Working data:
=== Begin Enclosure ===
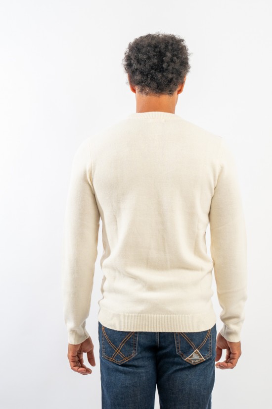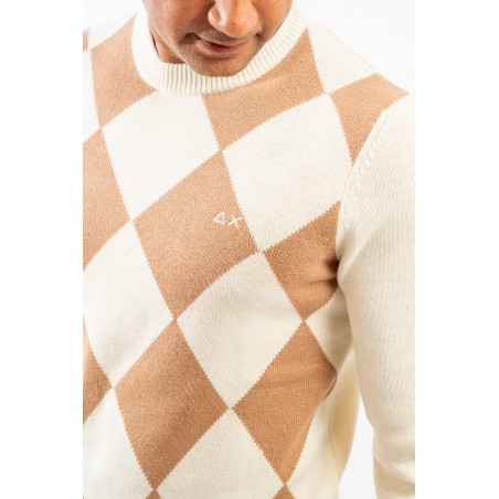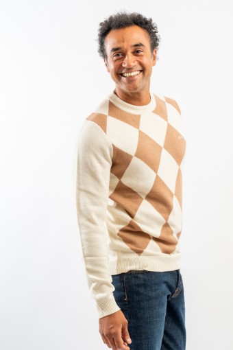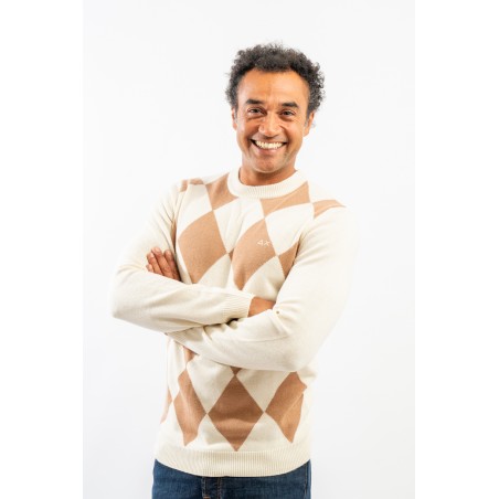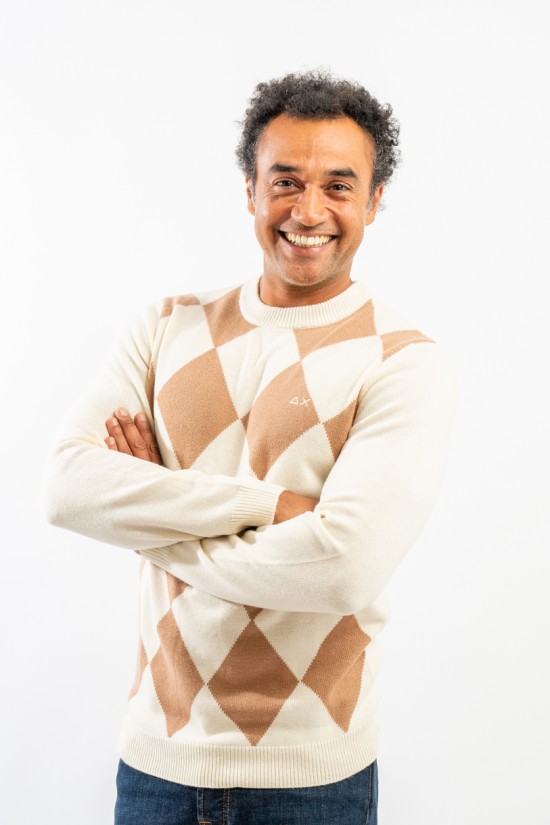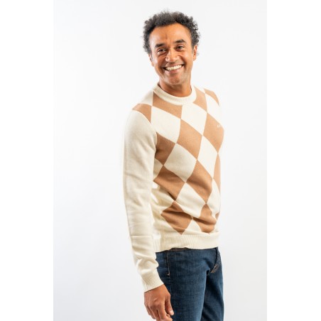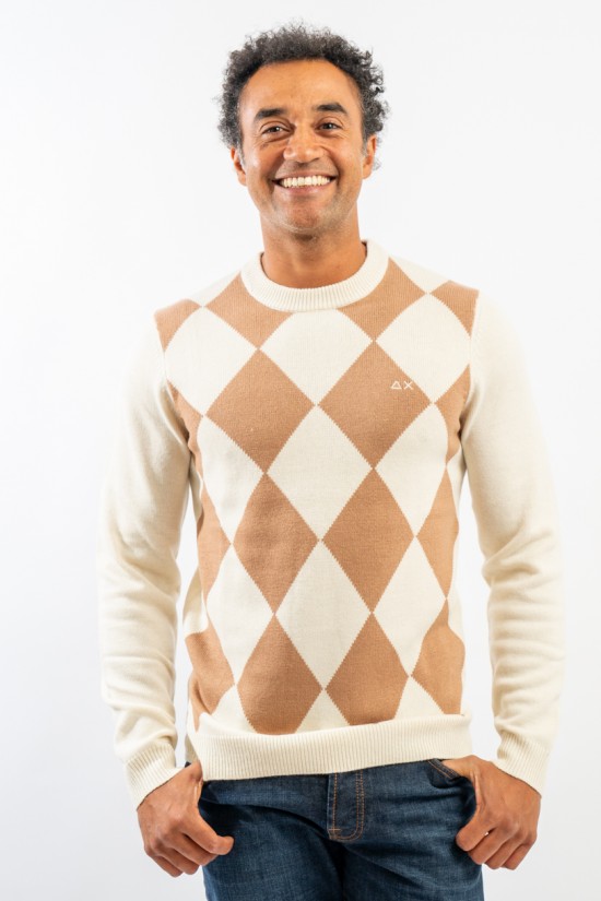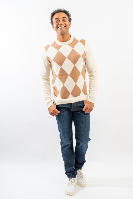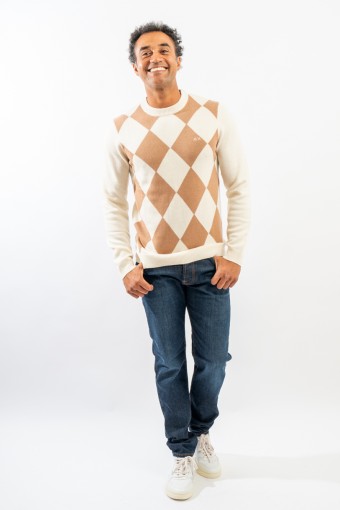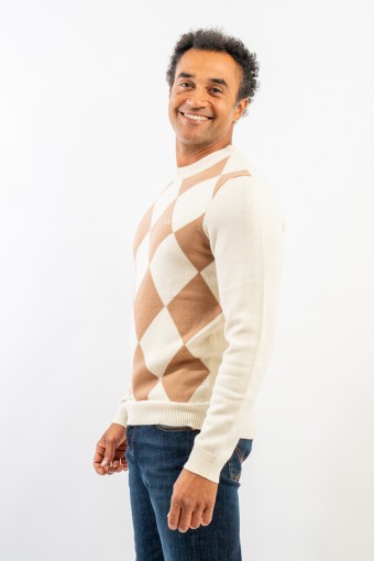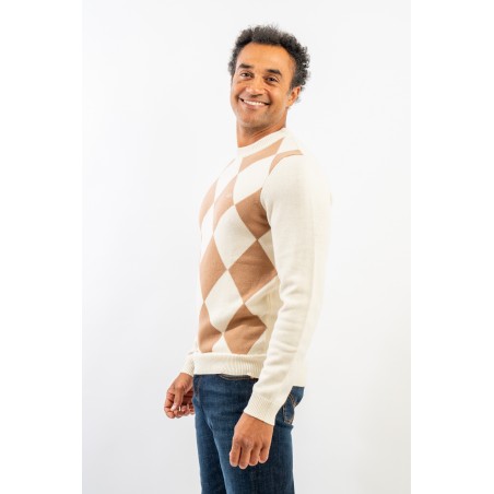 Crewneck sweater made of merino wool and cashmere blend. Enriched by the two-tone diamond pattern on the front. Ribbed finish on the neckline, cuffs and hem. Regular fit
=== End Enclosure ===
=== Begin Enclosure ===
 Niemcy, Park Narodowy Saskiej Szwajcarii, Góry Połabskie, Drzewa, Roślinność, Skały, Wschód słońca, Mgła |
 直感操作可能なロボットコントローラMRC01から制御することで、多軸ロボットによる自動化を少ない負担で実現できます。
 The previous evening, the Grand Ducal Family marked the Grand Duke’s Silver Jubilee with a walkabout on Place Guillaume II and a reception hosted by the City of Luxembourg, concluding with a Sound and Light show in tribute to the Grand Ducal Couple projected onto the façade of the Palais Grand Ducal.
=== End Enclosure ===
=== Begin Enclosure ===
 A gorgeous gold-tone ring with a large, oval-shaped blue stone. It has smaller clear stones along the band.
=== End Enclosure ===
To do: Scan the material above for lines that contain the string "with", and copy each such line.

Task solution:
 The previous evening, the Grand Ducal Family marked the Grand Duke’s Silver Jubilee with a walkabout on Place Guillaume II and a reception hosted by the City of Luxembourg, concluding with a Sound and Light show in tribute to the Grand Ducal Couple projected onto the façade of the Palais Grand Ducal.
 A gorgeous gold-tone ring with a large, oval-shaped blue stone. It has smaller clear stones along the band.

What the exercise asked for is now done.